Unchecked the cache function under the named query has solved the high usage issue.

Guys I need Help,

Server Specs:

  • HP Proliant G9 4cores CPU, Not Hyper Threading
  • Windows Server 2008R2 Standard Vm, 4Cores CPU, 12Gb RAM

Ignition Gateway:

  • ver. 7.9.6
  • 45564 Tags
  • 4 PLC connection
  • MySQL DB
  • 6 Client Stations

Issues in the Field:

  • After a long Run of the Gateway CPU usage would go up to 100% which cause operational problems.
  • When we Reboot the Gateway it will go back to normal.
  • is there any fixed?

Using our Office Server Dell PowerEdge 24cores CPU & 128GB RAM, Support Hyper Threading:

  • We Run the Gateway Server Vm with 8cores CPU & 12GB of RAM. it Works Fine
  • But for our simulation Test.

Screen Shots Gateway Status after Reboot.

A snapshot after reboot isn’t much help. A snapshot while the problem is occurring would be helpful. But also post your ignition.conf, as requested in the other post.

ps. Please don’t post in multiple topics for the same problem. This should all be in the new topic.

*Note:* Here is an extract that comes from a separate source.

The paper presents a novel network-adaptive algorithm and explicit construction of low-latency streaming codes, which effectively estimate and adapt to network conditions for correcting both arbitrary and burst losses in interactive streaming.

I am glad this topic popped up again as we are seeing High CPU usage on our Gateway:

The CPU ranges anywhere from 15% to 99%. There are several PTW events logged:

We have a relatively large project: 7.9.9, MES-heavy (Sepasoft), 4 sites running on a single Gateway with over 180 clients, 160 queries/sec, and 143 devices. The Gateway runs on an ESX Cluster Node, with 8 other VMs that use very little resources (our VM is by far the top consumer).

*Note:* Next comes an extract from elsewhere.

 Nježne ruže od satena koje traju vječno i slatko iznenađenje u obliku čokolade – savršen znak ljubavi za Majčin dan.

I have attached a copy of our ignition.conf file and a thread dump during a CPU spike.thread_dump.txt (619.2 KB)
ignition.conf.txt (8.4 KB)

You have both CMS and G1GC set in your ignition.conf. G1GC is last, so that was chosen, but I recall reading that CMS settings can interfere with G1GC. Get rid of the wrapper.java.additional.1, .2, and .3. Add a target pause time. Consider logging garbage collector performance to determine if that is the cause of your clock drift warnings. See these topics:

1 Like

Thanks @pturmel!
Here’s what the GC section looks like now:

wrapper.java.additional.1=-XX:+UseG1GC
wrapper.java.additional.2=-XX:MaxGCPauseMillis=100
wrapper.java.additional.3=-Ddata.dir=data
wrapper.java.additional.4=-Dorg.apache.catalina.loader.WebappClassLoader.ENABLE_CLEAR_REFERENCES=false

We have a planned release to production tomorrow and we will restart the Gateway service for these to take effect. I will keep this thread updated.

Oscar.

Consider including the -Xloggc:.... and -XX:+PrintGCDetails options.

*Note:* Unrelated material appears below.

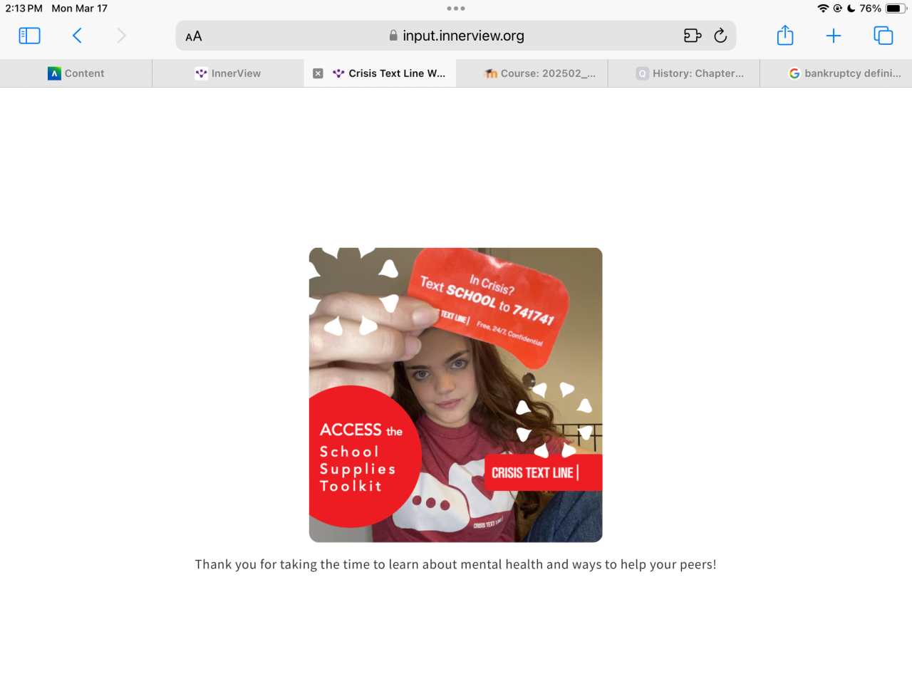 Crisis Text Line : Mental Health Awareness & Resources Video

Got it, this is what it looks like now:

wrapper.java.additional.1=-XX:+UseG1GC
wrapper.java.additional.2=-XX:MaxGCPauseMillis=100
wrapper.java.additional.3=-Ddata.dir=data
wrapper.java.additional.4=-Dorg.apache.catalina.loader.WebappClassLoader.ENABLE_CLEAR_REFERENCES=false
wrapper.java.additional.3=-Xloggc:…/logs/javagc-%WRAPPER_TIME_YYYYMMDDHHIISS%.log
wrapper.java.additional.5=-XX:+PrintGCDetails
wrapper.java.additional.6=-XX:+PrintGCTimeStamps
wrapper.java.additional.7=-XX:+PrintGCDateStamps

The “additional” numbers must be unique. After cutting and pasting the lines, renumber the ones that aren’t commented out.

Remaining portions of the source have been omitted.